Withering exasperation is not an emotion one usually expects to encounter at great length in a family film. But what else could John Krasinski have been seeking when he secured Ryan Reynolds to star as a sad clown in his mawkish new live-action fairy tale, IF? Reynolds plays Cal, a New York City lump who’s saddled himself with the responsibility of looking after a cavalry of imaginary friends, a.k.a. fanciful cartoon critters forgotten by the children who dreamt them into existence. His handsome face swallowed by hangover stubble, his famous abs concealed under a white T and suspenders, the actor slumps through the movie with an all-too-convincing air of begrudged participation. With no real jokes to tell, his signature sarcasm wilts like a dying flower.

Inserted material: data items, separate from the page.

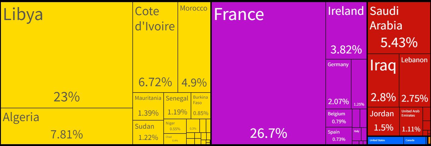 Figure 3: Tunisian exports of pharmaceutical products, by destination, 2019
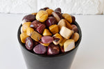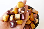Mookaite stone has a calming yellow and red hue, lovingly polished to bring out its unique beauty. This medium-sized tumbled stone has a calming energy that will help you to focus on what’s important in life and provide clarity of thought.
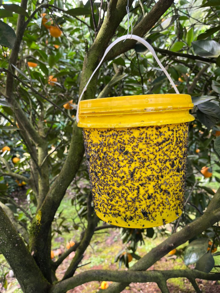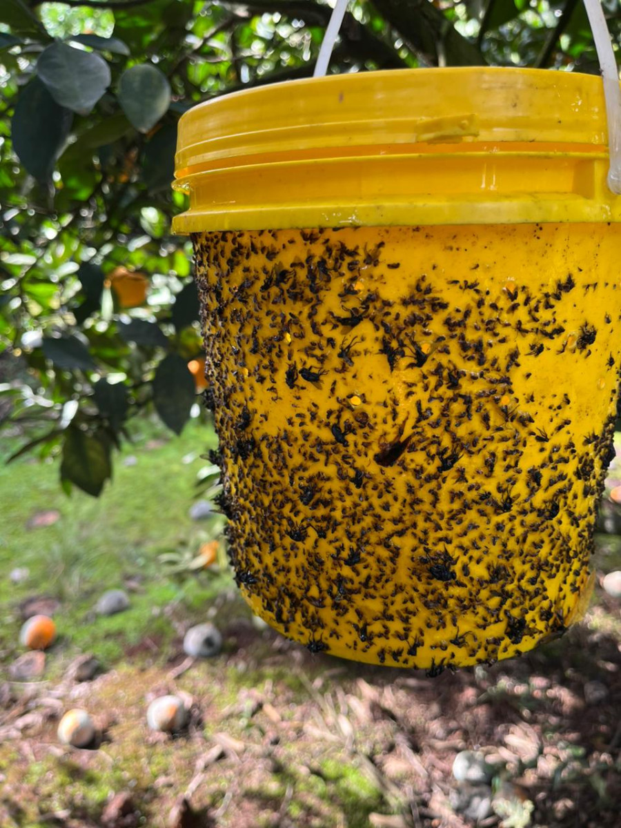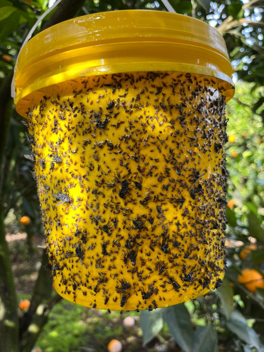 10. Outros atrativos para Mosca da Fruta são: Suco de Laranja a 30%, Suco de Goiaba a 30% + 10% açúcar, Melaço de Cana-de-açúcar a 10%, Vinagre de Vinho, Vinagre de Maçã a 30% + um pouco de açúcar, Suco de Manga a 5%, Suco de Uva a 25%, Melaço de Cana-de-açúcar com Suco de Laranja a 10%. Também podem ser utilizados semioquímicos (feromônios ou aleloquímicos). Solicite ficha da FORMIFUU® com sugestões de atrativos utilizados em vários cultivos.
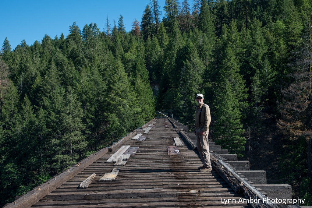 A short distance from Burney Falls is another interesting attraction that I did not want to miss. One location for some scenes from the iconic, 1986 coming-of-age movie Stand By Me was filmed in this area. We made the detour to see the infamous railroad bridge on the Great Shasta Rail line where, in the movie, the boys had a close encounter with a train. Cool!! Of course, Jim always stretches the boundaries of acceptable behavior and ventured past the barriers to stand on the bridge! 😊
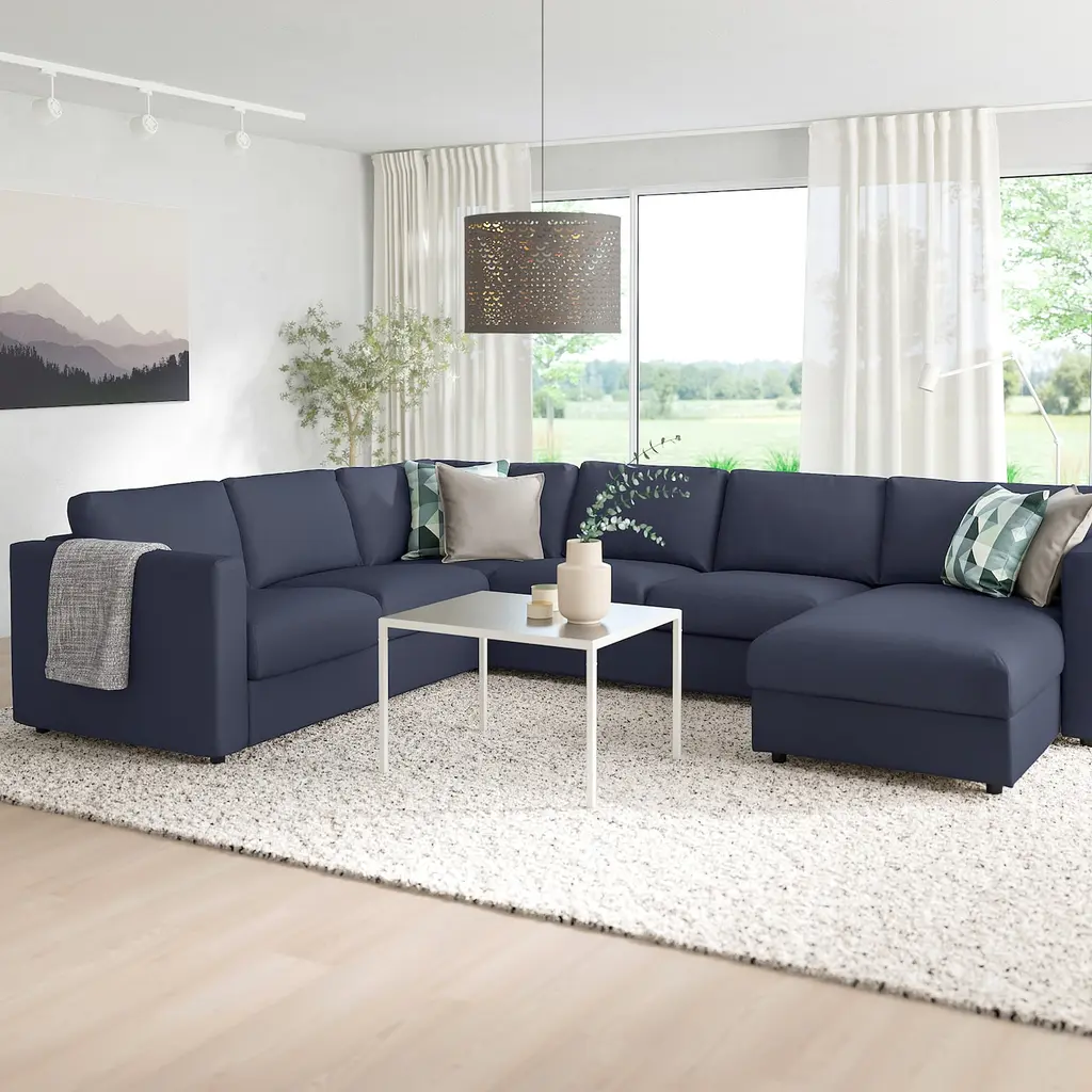 FINNALA Sectional, 5-seat corner - with chaise/Orrsta black-blue. This comfortable sofa has pocket spring seat cushions with high resilience foam and a top layer of wadding. It provides a nice comfort and support for your body while maintaining the shape of the seat cushions.
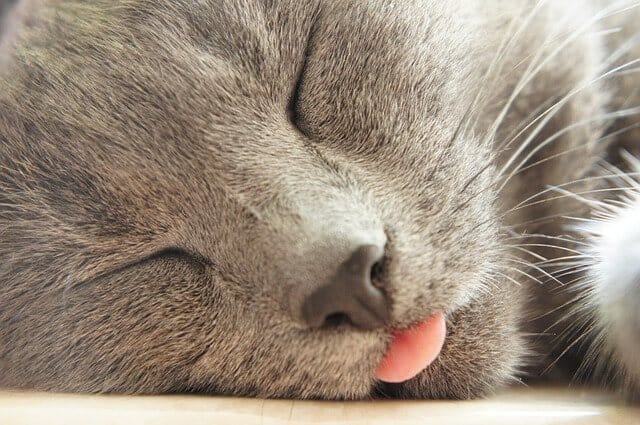 Cat sleeping with tongue out

It’s possible to, well, imagine someone else in this particular role — to see it going to an actor with a more soulful hangdog quality or at least a more kid-friendly weariness. But that would also require imagining a world where Ryan Reynolds wasn’t effectively in everything. IF might be the clearest proof yet that we’ve reached a peak saturation point for the Canadian funnyman with the model physique and the arch gag-machine delivery. Apparently all-in on Reynolds, Hollywood is now reasoning that his star power — some chemically adhesive combination of dashing leading man, comic-relief cutup, and lifestyle mogul — will prove irresistible regardless of the context.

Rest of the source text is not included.